Segment Start: Data extract

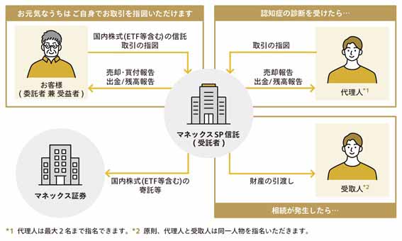 マネックス証券は、マネックスSP信託が提供する認知症や相続に備える株式管理サービス「たくす株」の取扱いを開始する。「たくす株」は、顧客が保有する国内上場株式を「たくす株専用口座」で預かり、顧客が認知症になった場合には信託契約に基づいて家族が売却・出金をできるように設計されたサービス。たくす株の信託金額は100万円からで、初回の契約時や、追加の信託設定時の手数料は無料だという。
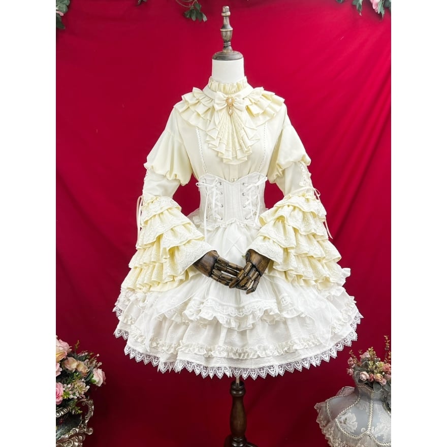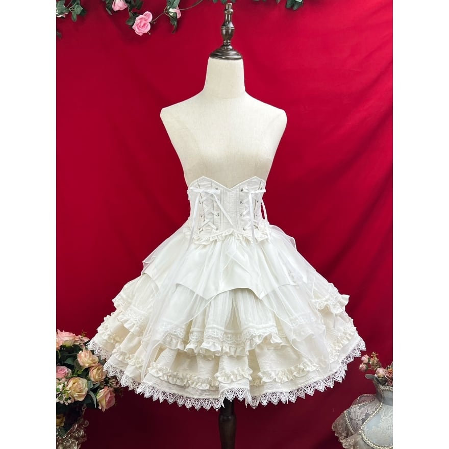 写真のスカートをハイウエストに演出してくれるゴスロリコルセットです。
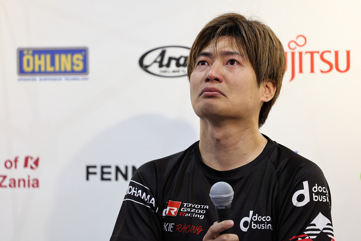 会見の中で、昨年辞めるはずだったけれども、チームオーナーにお願いして1年延長をしたとのことでした…。このシーンから大嶋くん、言葉に詰まり始めました。トムスでのデビューから始まり、チームルマン、そして新規チームのルーキーレーシングの立ち上げ、重責から解き放たれたのか(まだシーズンは終わってないけどね)、堪えきれないほどの大粒の涙を流しました。声をあげて泣いてもおかしくないくらいでしたね。
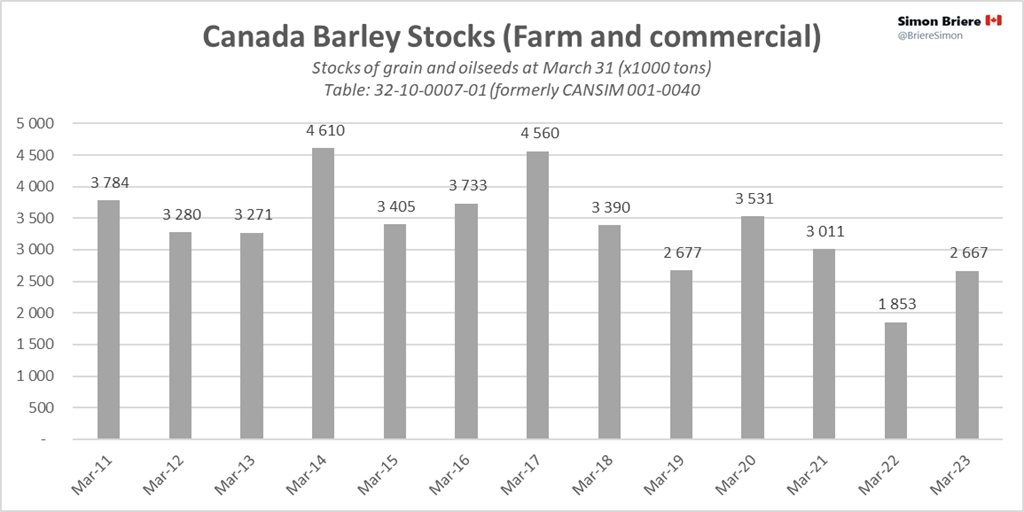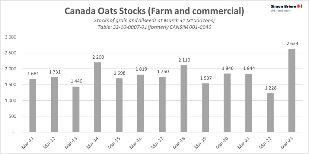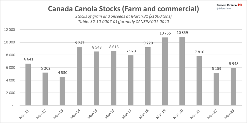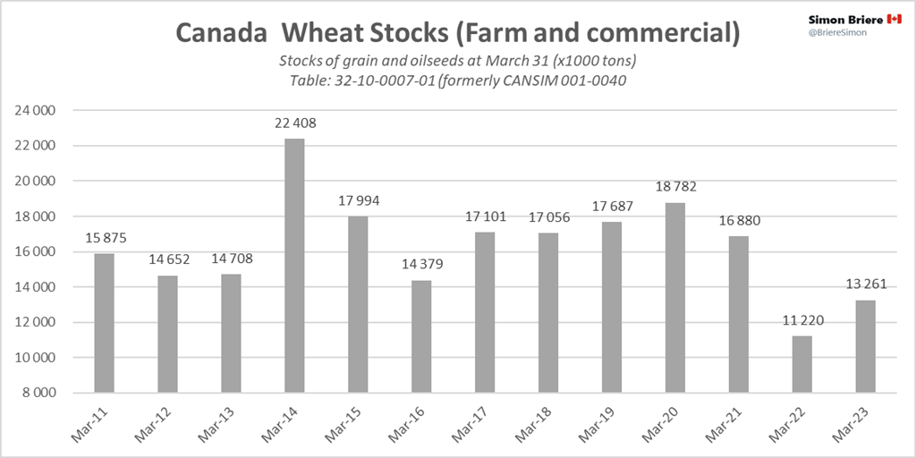 - StatsCan : Stocks des principales grandes cultures, 31 mars 2023

Segment End: Data extract

- What you need to do: Go back to the line that contains "写真のスカートをハイウエストに演出してくれるゴスロリコルセットです。" and copy it, along with each line after it through the end of the listing above, exactly and without pictures.

- Solution:
 写真のスカートをハイウエストに演出してくれるゴスロリコルセットです。
 会見の中で、昨年辞めるはずだったけれども、チームオーナーにお願いして1年延長をしたとのことでした…。このシーンから大嶋くん、言葉に詰まり始めました。トムスでのデビューから始まり、チームルマン、そして新規チームのルーキーレーシングの立ち上げ、重責から解き放たれたのか(まだシーズンは終わってないけどね)、堪えきれないほどの大粒の涙を流しました。声をあげて泣いてもおかしくないくらいでしたね。
 - StatsCan : Stocks des principales grandes cultures, 31 mars 2023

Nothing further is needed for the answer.